Sarah Adams returns to Rome, Kentucky with a tender rivals-to-lovers romance that wears its heart on its sleeve. Beg, Borrow or Steal pairs prickly perfectionist Emily Walker with charming word-nerd Jack Bennett, two teachers who have circled each other for years and finally collide in a summer that rewires what they believe about love, family, and themselves.
The setup
Emily is the eldest-daughter archetype in the best and most aching ways. She holds everything together for everyone else, which keeps her safe but lonely. Jack has just come off a broken engagement and a lifetime of people-pleasing learned from a narcissistic father. They are neighbors, colleagues, and long-time antagonists who swear they do not like each other. Then Emily misfires an email that threatens to expose her secret side hustle as a romance author, and the only person who can help her contain the damage is, inconveniently, Jack.

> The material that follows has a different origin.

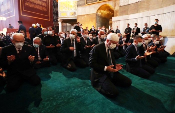 Erdogan y sus principales ministros, usando mascarillas blancas como precaución contra el Covid-19, se arrodillaron sobre alfombras al inicio de la ceremonia que marca el regreso del culto musulmán a la antigua estructura.
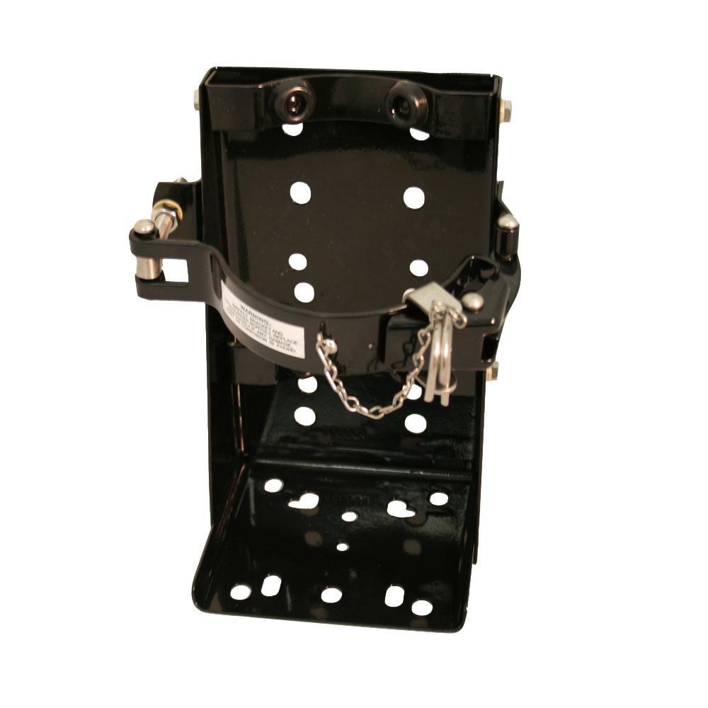 Kidde fire extinguisher vehicle brackets are constructed from quality-fabricated steel that is externally finished with a corrosion resistant black polyester epoxy paint, to extend service life in harsh outdoor environments. The bracket back brace and bottom plates come with pre-drilled mounting hole patterns that accommodate many existing applications. Each bracket is permanently marked with the applicable part number and designation for addressing USCG compliance requirements with listed and approved fire extinguisher models.

The favor becomes a truce, the truce turns into late-night problem-solving, and the banter starts to sound suspiciously like flirting. With school out for the summer, they are free from faculty-room politics, which lets their real selves take center stage.
What works
Banter with bite and warmth. Emily and Jack volley jokes and jabs that feel effortless rather than performative. The humor is quick, but Adams lets vulnerability slip through the cracks so the chemistry lands.
Character-first romance. Readers who loved Practice Makes Perfect will recognize Adams’s gift for writing emotionally aware men and guarded women learning to risk softness. Jack apologizes when he is wrong, listens without fixing, and shows up. Emily’s arc is about loosening her white-knuckled grip on control and trusting that she is lovable as she is.
Themes beyond the meet-cute. The novel explores eldest-daughter pressure, the courage of asking for help, and how childhood coping skills can harden into adult habits. It is a comfort read that still respects the complexities of healing.
Series flavor without confusion. Cameos from Rome, Kentucky favorites add sparkle for longtime fans while the story still functions as a true standalone. If you have not read the first two books, you will be fine, but returning readers will grin at the updates.
What might not land for everyone
Light touch on the heavy. Some readers may wish the book dug deeper into the harder conversations or stretched the enemies portion longer before the thaw. The final act resolves briskly. If you prefer angst-heavy, slow burn epics, you may find this one sweet more than searing.
Heat level calibration. Adams is known for closed door, and this entry nudges the door open a crack in a few chapters. The intimacy serves character growth, but strict fade-to-black readers may choose to skim those scenes.
Tropes and vibes
- Rivals to lovers
- Neighbors
- Small town setting
- Coworkers in academia
- He falls first energy
- Found family threads
The verdict
Beg, Borrow or Steal is a heartfelt, summer-bright romance that balances laugh-out-loud banter with sincere emotional beats. Emily and Jack feel like real people choosing each other on purpose, not characters pushed together by trope engines. If you are in the mood for something that will make you smile at your screen, highlight soft one-liners, and believe, again, that tenderness is a strength, this one belongs on your nightstand.
My rating: 4.5 out of 5 for swoony dialogue, lovable leads, and a healing arc that goes down easy.